- _ACTIVITY_
Each entry that follows is to be duplicated exactly, without its images.

- _DATA EXCERPTS_
━━━━━━━━━━━━━━━━━━━━━━━━━━━━━━
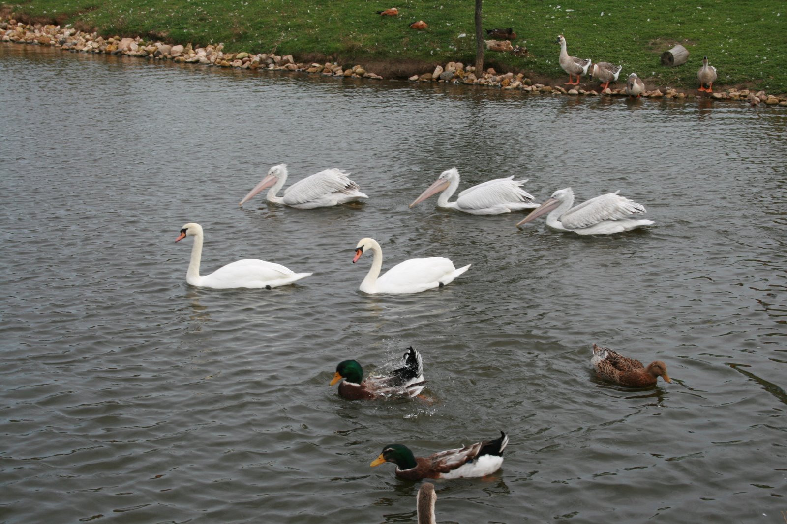 В самом парке очень зелено и живописно. Ландшафт украшают насаждения цветов, кустарников и деревьев, речка, озеро с лебедями, пеликанами, фламинго, утками, искусственные водопадики и каменные гроты.
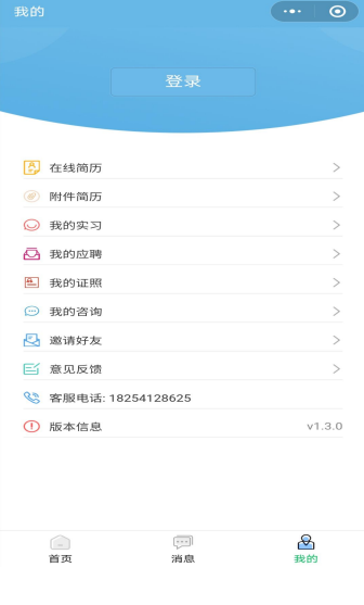 完善简历后可通过首页查看岗位实习与就业信息,并根据自身情况进行简历投递。
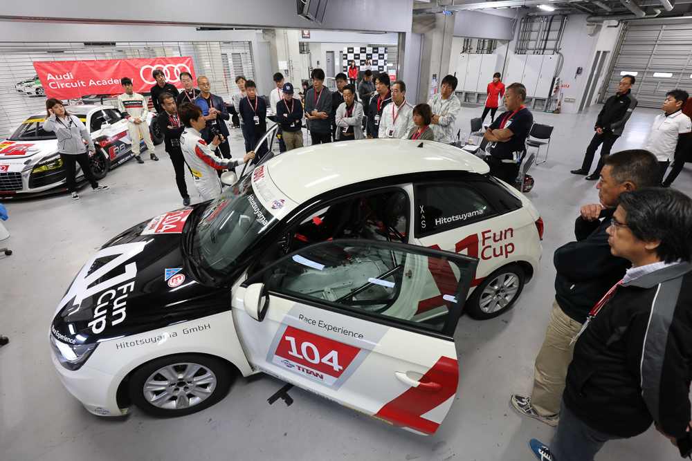 今回は、SUPER GTへAudiで参戦しているTeam Hitotsuyamaの協力のもと、現役レーシングドライバー荒聖治選手を講師に、参加者全員がAudi A1 Fun Cup Carをドライブ。全長4563mのレーシングコースでのレッスン走行及びフリー走行を実施しました。またサーキットならではの特別体験として、富田竜一郎選手がドライブするレーシングカー「Audi RS3 LMS」のホットラップ(助手席同乗体験)も楽しんで頂きました。その模様をお伝えします。
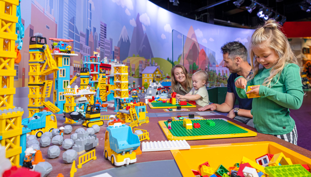 A large portion of the time is spent in hands-on building areas. These are not guided workshops in the traditional sense, but open tables filled with LEGO bricks where kids build whatever comes to mind, tear it down, and start again. Some children settle into focused building quickly, while others bounce between tables, constructing something briefly before moving on. Parents usually find themselves sitting or standing nearby, helping with connections, answering “can you help me with this?” requests, or quietly preventing towers from collapsing onto neighbouring builds.
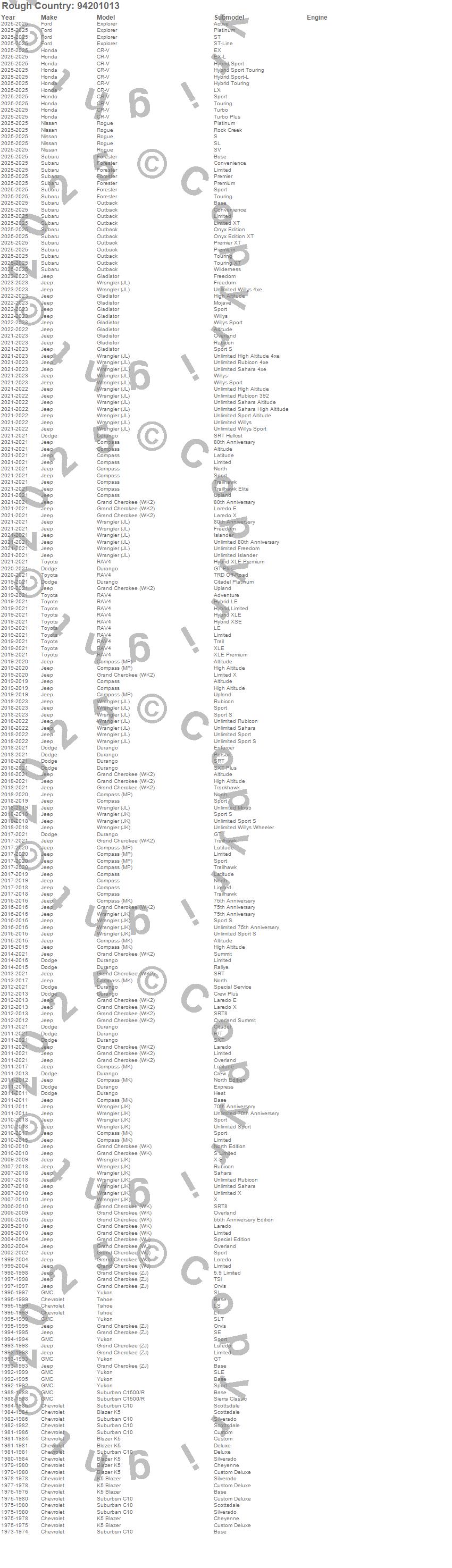 Below is an abbreviated list of applications for the Series 94 Wheel.Blazer K5, C10 Suburban, Compass, CR-V, Durango, Explorer, Forester, Gladiator, Grand Cherokee (WJ), Grand Cherokee (WK), Grand Cherokee (WK2), Grand Cherokee (ZJ), K5 Blazer, Outback, R1500 Suburban, RAV4, Rogue, Tahoe, Wrangler (JK), Wrangler (JL)
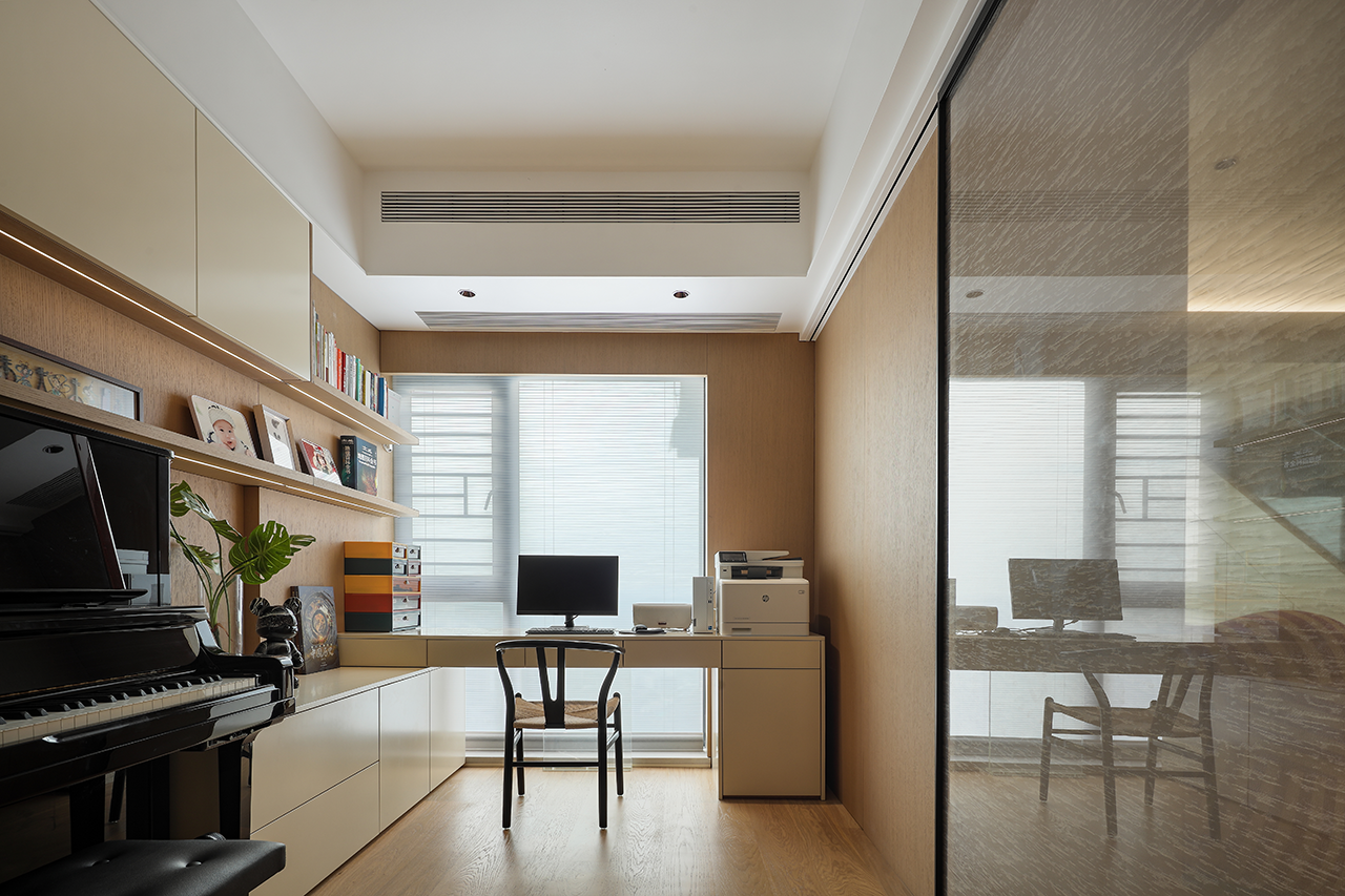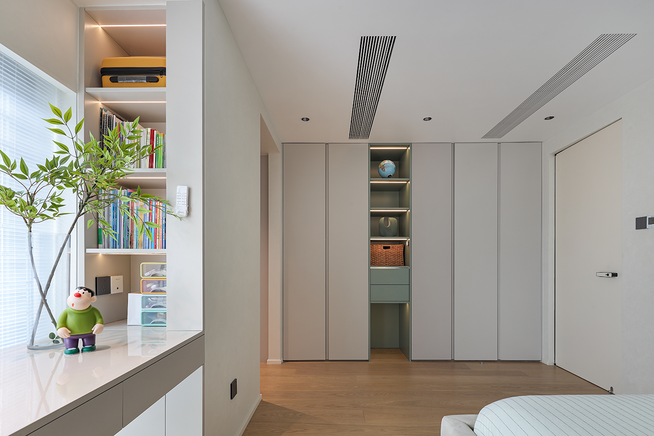专门为三个小孩设计的学习空间,配备了舒适的桌椅和充足的照明。墙壁上的星辰壁纸,激发孩子们的想象力和创造力。学习空间还设置了展示区,用于展示孩子们的作品和荣誉,增强他们的自信心和成就感。
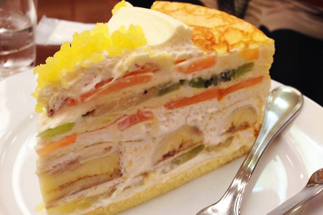 부드러운 크레이프와 신선한 과일이 어우러져 달콤한 조화를 이룹니다.
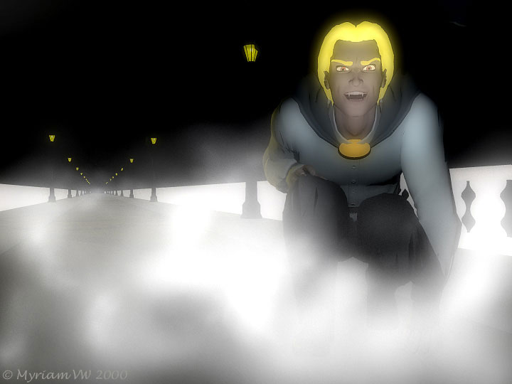 en annulant toute lumière du soleil ou de la lune, j'ai finalement réussi! Pose par moi dans Poser Déformation pour les dents de vampire de Morph World Vêtements standards de Poser sauf pour la cape (merci Luna!) Génération de l'image dans Bryce (merci à Calyxa pour son tutorial sur les yeux "brillants" et merci à Tony Waterer pour ses trucs sur l'éclairage) Lampadaire et balustrade du pont modelé par moi avec SPatch et Nendo Travail post-génération dans Painter pour la brume et dans Photoshop pour l'effet final et la signature |
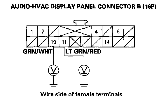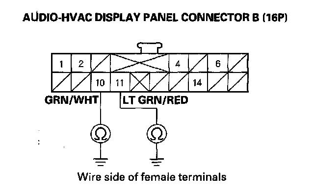 8. Check for continuity between the No. 10 and No. 11 terminals audio-HVAC display panel connector B (16P) and body ground individually.
━━━━━━━━━━━━━━━━━━━━━━━━━━━━━━
- _EXERCISE SOLUTION_
 В самом парке очень зелено и живописно. Ландшафт украшают насаждения цветов, кустарников и деревьев, речка, озеро с лебедями, пеликанами, фламинго, утками, искусственные водопадики и каменные гроты.
 完善简历后可通过首页查看岗位实习与就业信息,并根据自身情况进行简历投递。
 今回は、SUPER GTへAudiで参戦しているTeam Hitotsuyamaの協力のもと、現役レーシングドライバー荒聖治選手を講師に、参加者全員がAudi A1 Fun Cup Carをドライブ。全長4563mのレーシングコースでのレッスン走行及びフリー走行を実施しました。またサーキットならではの特別体験として、富田竜一郎選手がドライブするレーシングカー「Audi RS3 LMS」のホットラップ(助手席同乗体験)も楽しんで頂きました。その模様をお伝えします。
 A large portion of the time is spent in hands-on building areas. These are not guided workshops in the traditional sense, but open tables filled with LEGO bricks where kids build whatever comes to mind, tear it down, and start again. Some children settle into focused building quickly, while others bounce between tables, constructing something briefly before moving on. Parents usually find themselves sitting or standing nearby, helping with connections, answering “can you help me with this?” requests, or quietly preventing towers from collapsing onto neighbouring builds.
 Below is an abbreviated list of applications for the Series 94 Wheel.Blazer K5, C10 Suburban, Compass, CR-V, Durango, Explorer, Forester, Gladiator, Grand Cherokee (WJ), Grand Cherokee (WK), Grand Cherokee (WK2), Grand Cherokee (ZJ), K5 Blazer, Outback, R1500 Suburban, RAV4, Rogue, Tahoe, Wrangler (JK), Wrangler (JL)
专门为三个小孩设计的学习空间,配备了舒适的桌椅和充足的照明。墙壁上的星辰壁纸,激发孩子们的想象力和创造力。学习空间还设置了展示区,用于展示孩子们的作品和荣誉,增强他们的自信心和成就感。
 부드러운 크레이프와 신선한 과일이 어우러져 달콤한 조화를 이룹니다.
 en annulant toute lumière du soleil ou de la lune, j'ai finalement réussi! Pose par moi dans Poser Déformation pour les dents de vampire de Morph World Vêtements standards de Poser sauf pour la cape (merci Luna!) Génération de l'image dans Bryce (merci à Calyxa pour son tutorial sur les yeux "brillants" et merci à Tony Waterer pour ses trucs sur l'éclairage) Lampadaire et balustrade du pont modelé par moi avec SPatch et Nendo Travail post-génération dans Painter pour la brume et dans Photoshop pour l'effet final et la signature |
 8. Check for continuity between the No. 10 and No. 11 terminals audio-HVAC display panel connector B (16P) and body ground individually.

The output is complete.